I began to wonder: had anyone ever studied what real children would do if they found themselves alone on a deserted island? I wrote an article on the subject, in which I compared Lord of the Flies to modern scientific insights and concluded that, in all probability, kids would act very differently. 

During his research on the subject, the author discovers an old article from 1966 detailing an account where a group of shipwrecked boys, in fact, didn’t resort to cannibalism.
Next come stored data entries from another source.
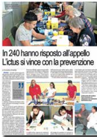
In 240 hanno risposto all'appello L'ictus si vince con la prevenzione

"Siamo molto soddisfatti dell'esito della giornata che ha rappresentato inoltre una occasione per far comprendere agli studenti dei diversi ordini di scuole intervenuti l'importanza della prevenzione e dei corretti stili di vita per mantenere fin da giovani una buona salute; erano infatti presenti nell'ambito dei progetti di alternanza scuola lavoro, gli studenti dell'Istituto Ferrari di Bussoleno e del Liceo Norberto Rosa di Susa e Bussoleno, gli studenti del Corso di Laurea in Infermieristica e Dietistica, seguiti dagli infermieri e dagli altri operatori dell'ASL presenti nella mattinata.
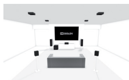
5.1.4: Configuración regular 5.1 con 4 altavoces de techo o 4 habilitados para Dolby
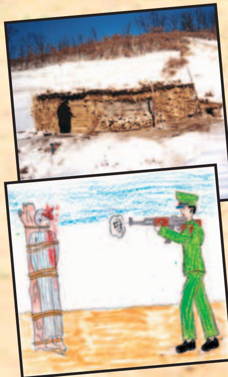
Et hjemmelavet skjulested i det nordøstlige Kina.

Bliver man som flygtning fanget i Kina og sendt tilbage til Nordkorea, risikerer man dødsstraf, specielt hvis man har været i kontakt med kristne.
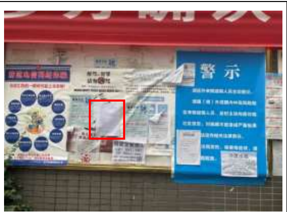
电力新村小区张贴公示
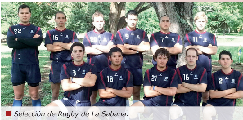
■ Selección de Rugby de La Sabana.
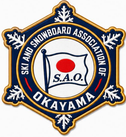
1. ネイビー×ゴールド (定番・高級感)
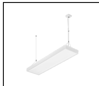
CONTRA Système de suspension LED 1200x300 (374692)
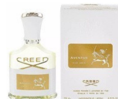
93 AVENTUS FOR HER CREED
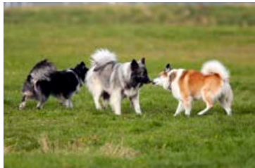
Hundar og menn taka sprettinn á Nesinu.
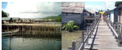
Gambar 4. Kondisi Permukiman, Orang Bajo' di Perairan di Sulawesi Tengah
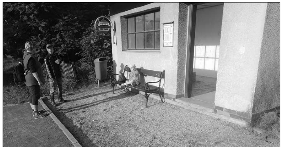
V létě se i u nás na mnoha místech opravovalo, například autobusové zastávky. Jen aby to hezké alespoň chvíli vydrželo...
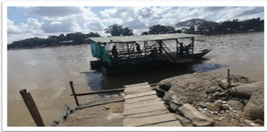
Ilustración 36. Barrio Rancho Grande - margen izquierdo
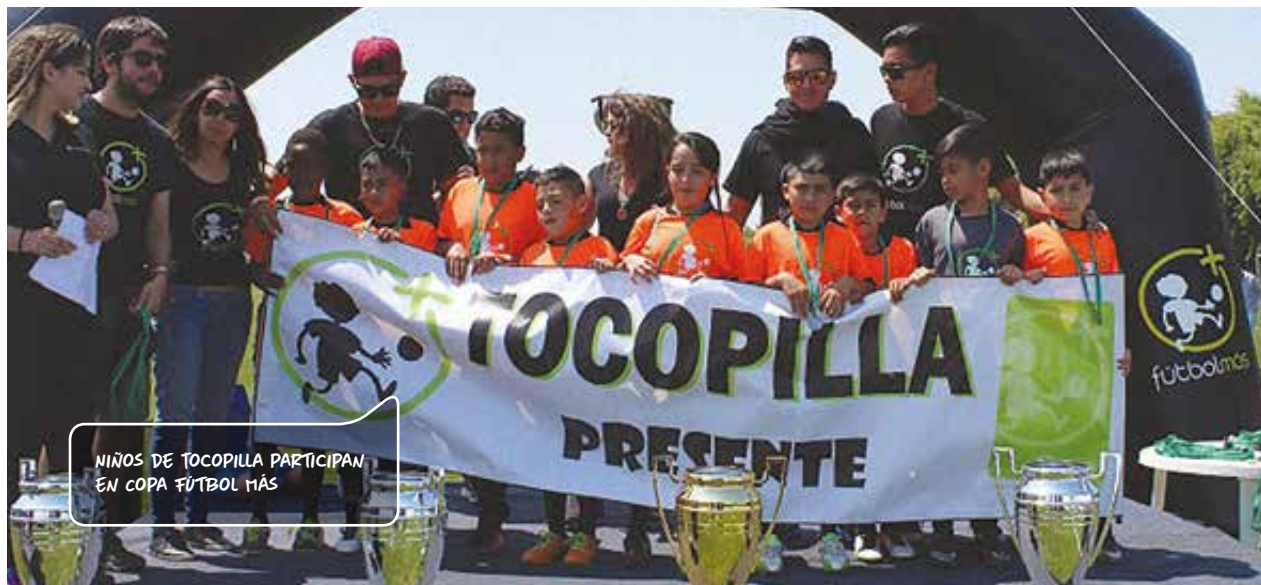
NIÑOS DE TOCOPILLA PARTICIPAN EN COPA FÚTBOL MÁS

El programa involucra la realización de talleres socio-deportivos que utilizan el fútbol como herramienta para transmitir valores y ofrecer a los más de 300 niños y niñas que participan de la iniciativa en esta localidad, espacios seguros para la recreación. Psicólogos, profesores y apoderados organizan distintas actividades como ligas inter-barriales, campeonatos y celebraciones. Fútbol Más es un programa internacional con ocho años de existencia, presente en seis países.
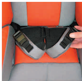
c einture d'abduction
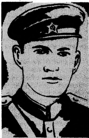
Герой Советского Союза Ю. Н. МАЛАХОВ
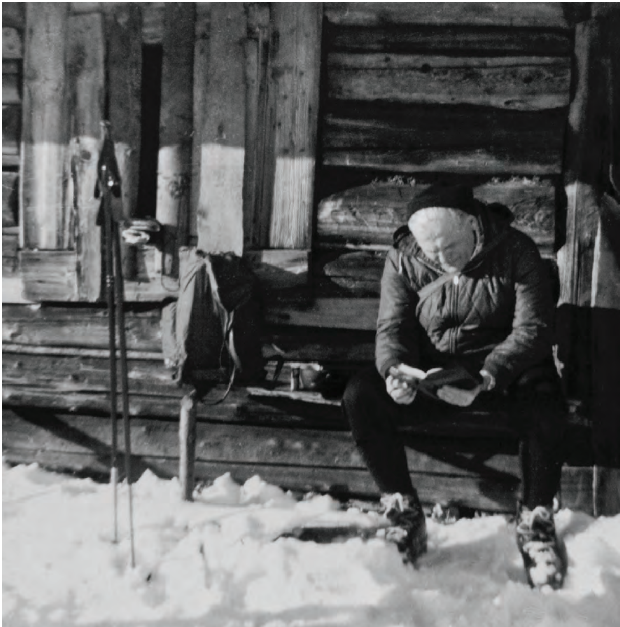
Chwila modlitwy przed szałasem tatrzańskim, lata 50. XX w.
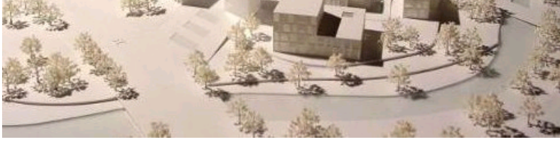
3. 安吉龙山体育中心 (竞赛中标)
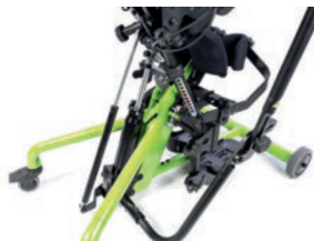
Actuador Hidráulico con mango extraíble
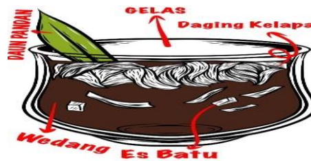
Gambar 1. 3 Wedang Kobbhu
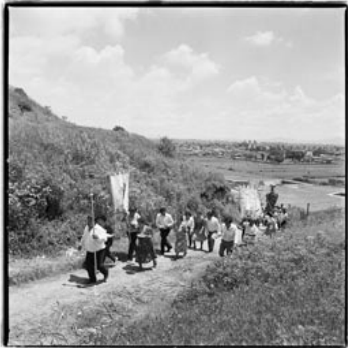
© John O'Leary, Barrio de Santa María Xixitla, Cholula, Puebla, 1994.

Además, los códices narran que el pulque de los dioses fue donado a los hombres por la mediación del tlacuache. 10 Como ya lo mencioné con anterioridad, en el valle Puebla-Tlaxcala se detecta un culto temprano al tejón (o a un animal similar, quizá un tlacuache), cuyos rituales vinculados a la tierra y a los ciclos agrícolas parecen ser muy antiguos en la región. 11 Kirchoff además nota
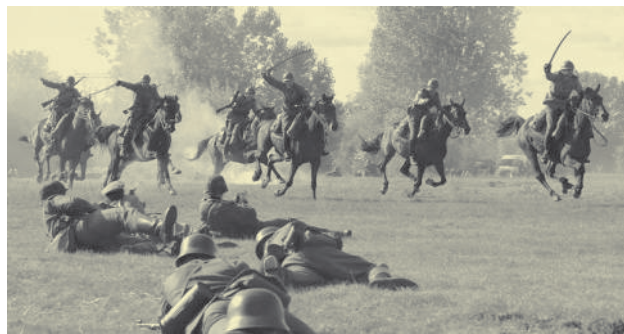
Rekonstrukcja bitwy nad Bzurą Sochaczew 2005
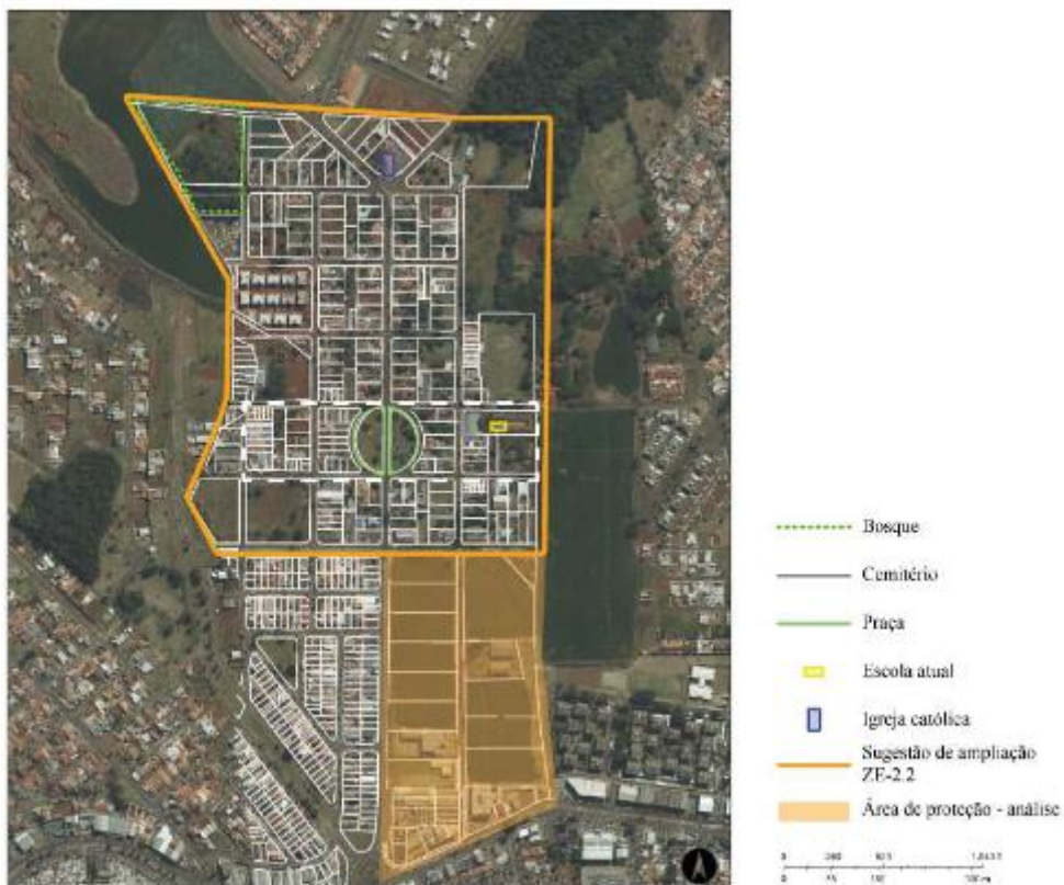
Figura 91 - Indicação de novo perímetro para a ZE-2.2
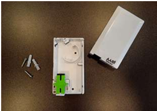
CAIXA TERMINAL 4X2
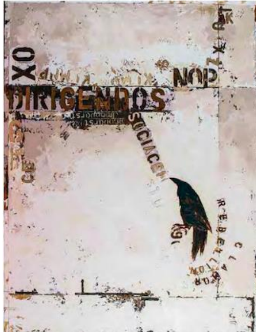
Resim 7. Aylin Beyoğlu, Kılavuz 6, Tuval Üzerine Yağlıboya, 145 cm x 110 cm (Kültür Portalı, 2015)

Günümüz resim sanatçılarından Aylin Beyoğlu "Kılavuzu karga olanın" atasözünden yola çıkarak hazırladığı resimlerinde "kılavuz ve kimliksiz" ismiyle İngilizce Latince yazılar kullanmıştır (Resim 7). Atasözünde anlatılmak istenenin aksine, oldukça zeki olan ve uzun yaşayan bir hayvanın kılavuzluk yapabileceğini dolayısıyla resimlerinde de bu düşüncesini anlatmaya çalıştığını belirtmektedir (Mistikalem, 2017).
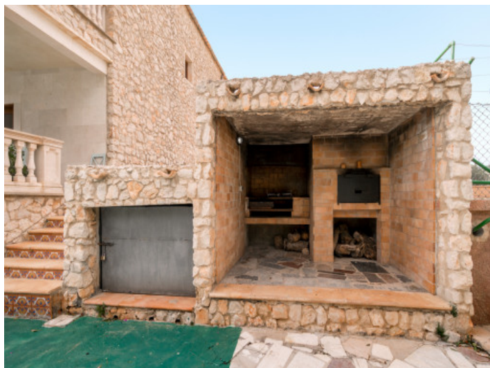
Zona de barbacoa en estilo mallorquín
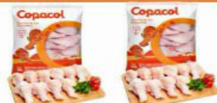
COXINHA DA ASA FRANGO COPACOL 800 GR IQF PACOTE
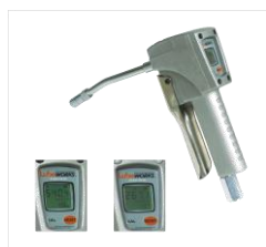
Электронный расходомер (опция)

Пневмонасос 50:1, крышка, пистолет без счётчика (опционально пистолет с электронным расходомером), шланг 1,5м , ёмкость с загрузкой 13кг., мембрана ,
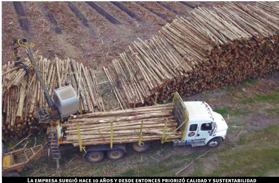
LA EMPRESA SURGIÓ HACE 10 AÑOS Y DESDE ENTONCES PRIORIZÓ CALIDAD Y SUSTENTABILIDAD

permitió descubrir otras oportunidades, como la del servicio de auxilio forestal: “Del mismo modo, con una persona y una unidad autocargable, en caso de ocurrir un siniestro podemos concurrir y resolver la situación rápidamente, liberando rápido la ruta, recogiendo la madera que se pueda haber desparramado de la unidad que la transportaba y haya volcado”, cuando antes se precisaba más tiempo y era necesario movilizar un nuevo camión para la madera, una chata, un grapo, otro camión para sacar el camión accidentado y a la vez más personal, lo que tenía un gran impacto sobre todo en aquellos años primeros en los que la tasa de siniestralidad era mayor.
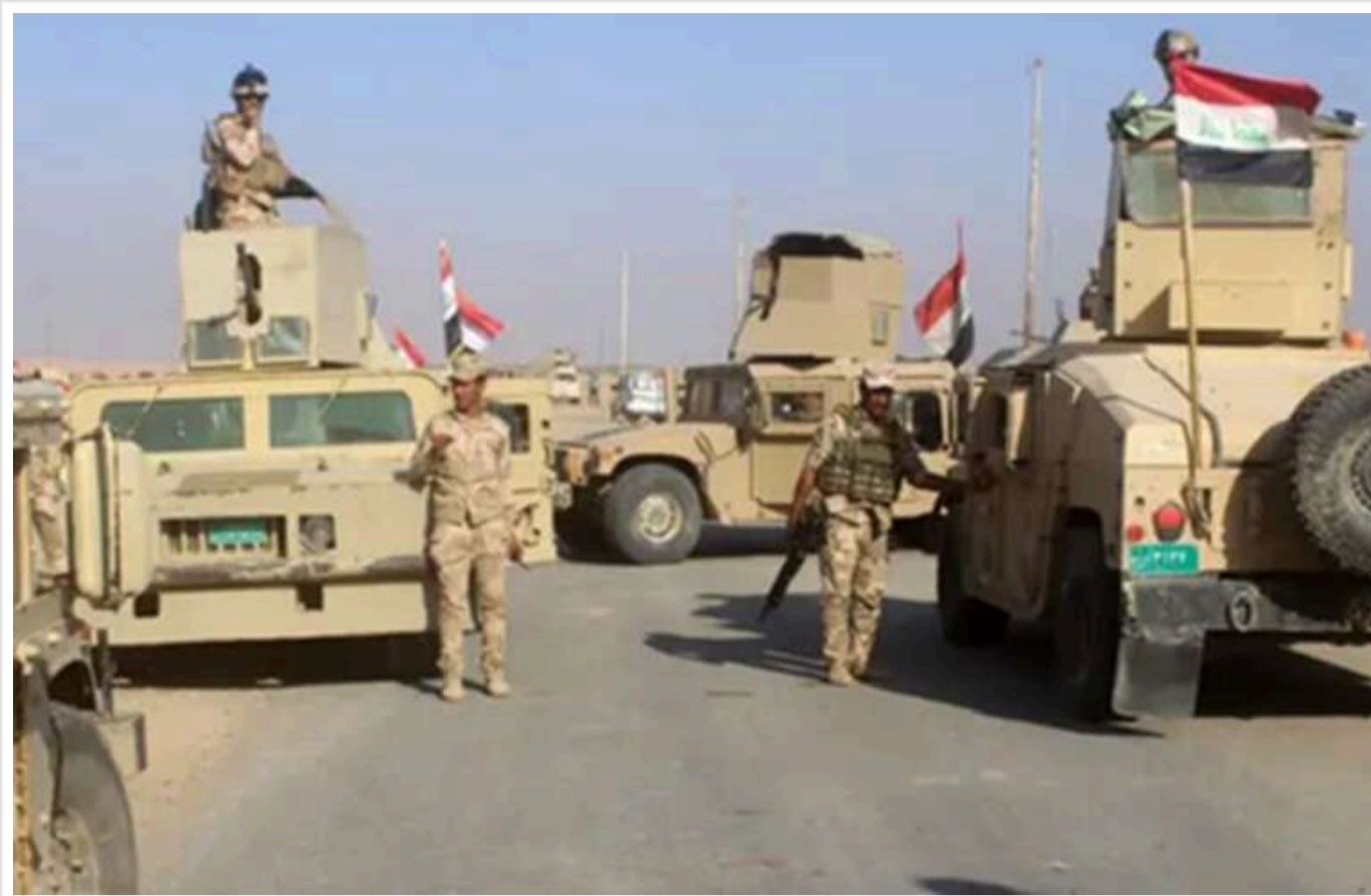
Reuters: ІДІЛ активізується і готується до повернення в Сирію та Ірак – розвідки фіксують зростання загрози

Понад 20 джерел Reuters, включаючи представників силових структур та політичних кіл Сирії, Іраку, США та Європи, повідомляють, що ІДІЛ відновлює діяльність бойовиків, плануючи повернення до Сирії та Іраку.
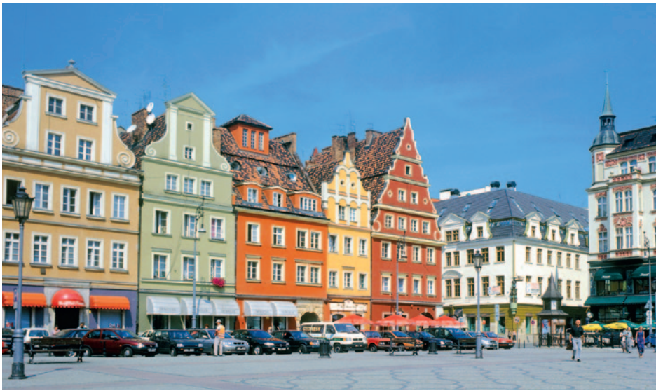
Breslau - Salzplatz

gesellschaftliche Druck und eine tödliche Krankheit besiegen ihren elementaren Liebes- wie Lebenswillen. Schon bald spielte das Stück von Giuseppe Verdi auf den Bühnen der Welt.
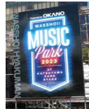
①ネーミングライツイメージ

※複合的な内容の為、申込締切については他の協賛メニューをご参照いただけますようお願いいたします。
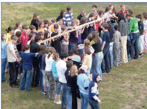
Рука, прием! На связи мозг

Эта толпа, на первый взгляд переносящих куда-то стройматериалы, уже потеряла человеческие качества. Взгляните на этих строителей внимательней – это же нервы и клетки мышц, работающие ради блага человека. И с чего вы решили, что смотрите на фотографию? Вы просто решили разглядеть собственную руку.
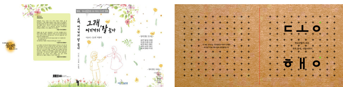
〈그림 1〉 왼쪽부터 2017년, 2019년 동행 프로젝트 표지

동행 프로젝트는 지역의 문화와 주민의 생애를 기록으로 남기기 위해 시작된 지역 아카이브 사업으로 지역에서 오랫동안 거주하신 어른들의 이야기를 지역의 청소년들이 직접 듣고 남길 수 있는 자서전의 형태로 시작되었다.
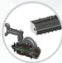
Konstruktion und Herstellung von Kunststoff-Extrusionswerkzeugen (Köpfe, Düsen usw.)
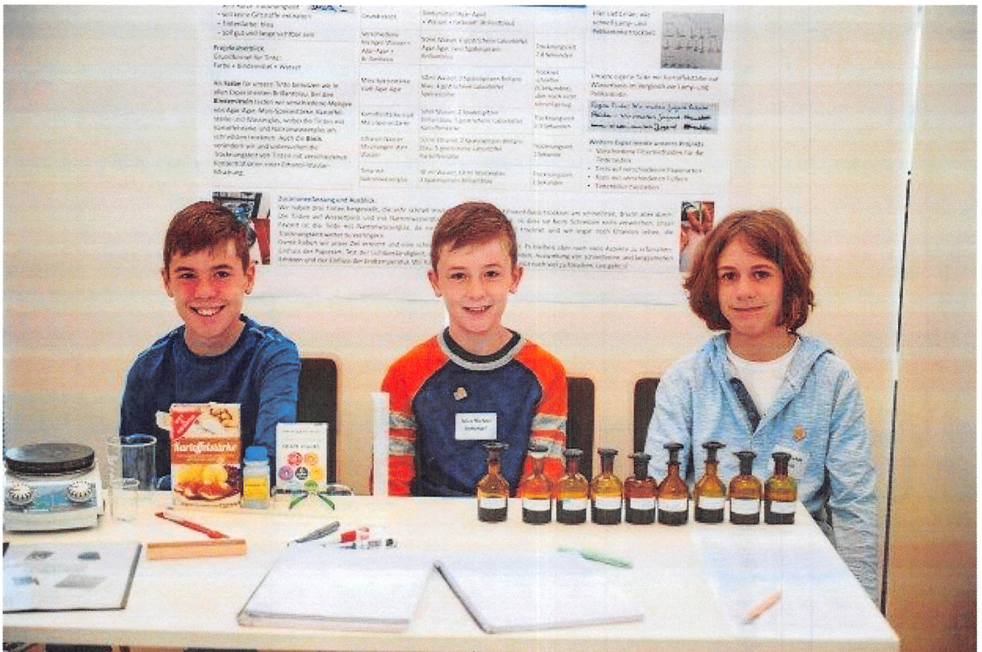
Beim Landeswettbewerb konnten die Kant-Schüler überzeugen.
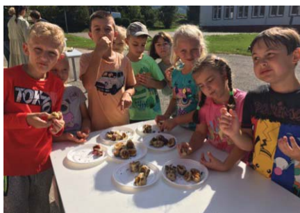
...sú výýýbornééé !...

kuchárky, aby nám v predstihu uvarili zemiaky v šupke, a to ostatné už deti za asistencie pani učiteľiek zvládli. Postup si isto zapamätali, zemiaky treba ošúpať, nastrúhať, pridáme hladkú múku a vypracujeme cesto. Pre lepšiu chuť ho troška osolíme a zabalíme doň očistenú slivku. Vyzerá to jednoducho, no pre detské ručičky celkom zaujímavá práca, lebo cesto je lepkavé, guľky sú nepravidelné. Nič to, vyvarili sme ich v kotlinke priamo na školskom dvore a posypané makom či opraženou strúhankou chutili výborne! A bolo ich toľko, že mohli ponúknuť i starších spolužiakov.
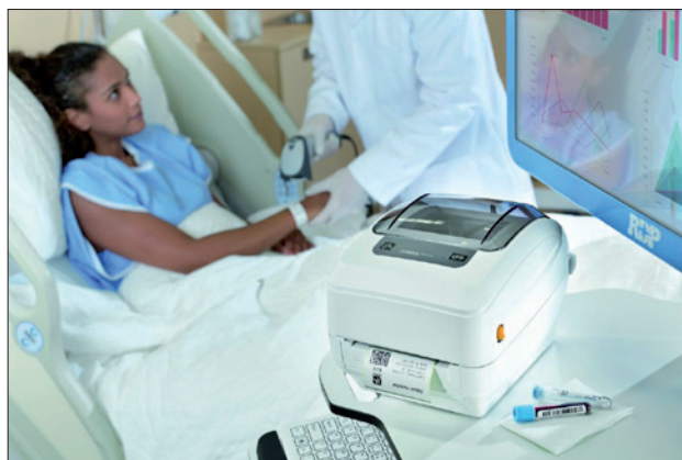
Obr. 2. Stolní tiskárna ZD620 se uplatňuje také ve zdravotnictví

Nové termotransferové stolní tiskárny ZD420 (obr. 1) a ZD620 (obr. 2) a mobil-
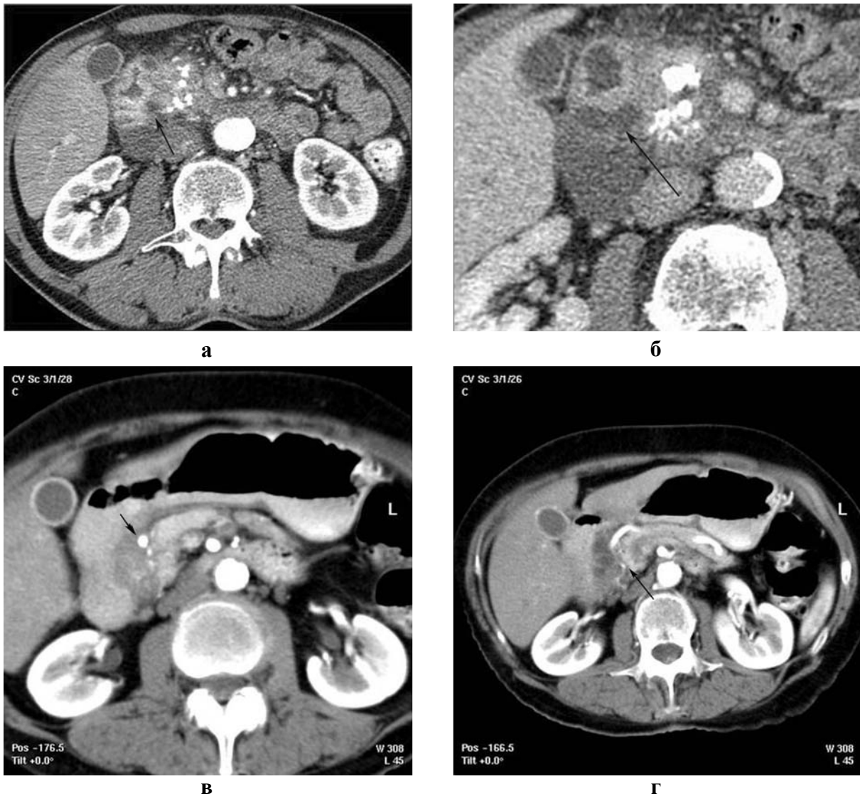
Рис. 1 а. КТ с контрастированием. Артериальная фаза. Увеличение головки ПЖ с множественными кальцинатами в ее структуре. Стрелкой указана киста в медиальной стенке 12-перстной кишки, деформирующая просвет последней; 1 б. Венозная фаза. Контрастирование двенадцатиперстной кишки водой после введения атропина. Стрелка – киста в стенке суженной вертикальной ветви; 1 в. Артериальная фаза. а. gastrodudenalis смещена медиально и проходит в борозде между кистозно-измененной стенкой двенадцатиперстной кишки и головкой ПЖ (стрелка); 1 г. Артериальная фаза. Четкая граница между пораженной и неизменной тканью головки ПЖ (тонкая стрелка).

знаком ДД при КТ и МРТ является пристеночное фиброзное уплотнение, проявляющееся слоем компактной ткани между просветом двенадцатиперстной кишки и ПЖ. По сравнению с параметрами ПЖ эта тканевая пластина имеет одинаковую плотность при КТ и одинаковую интенсивность при МРТ 1 – взвешенном изображении до контрастирования. В фазу панкреатическо-
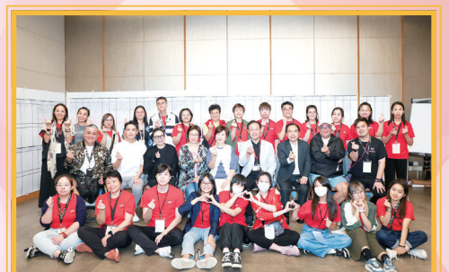
一眾理事、職員和工作人員合作無間，讓第40屆理事會選舉得以圓滿完成

They were able to survive peacefully and work together for over a year before they were rescued.

But “by the time we arrived,” Captain Warner wrote in his memoirs, “the boys had set up a small commune with food garden, hollowed-out tree trunks to store rainwater, a gymnasium with curious weights, a badminton court, chicken pens and a permanent fire, all from handiwork, an old knife blade and much determination.” While the boys in Lord of the Flies come to blows over the fire, those in this real-life version tended their flame so it never went out, for more than a year.

In addition to just being a lovely story overall, this made me think about how, when I originally read Lord of the Flies, I wish I would have been more skeptical of the book. It’s in our human nature to work together to survive. When circumstances are grim, people tend to cooperate, stick together, and be even more kind than they are during prosperous times.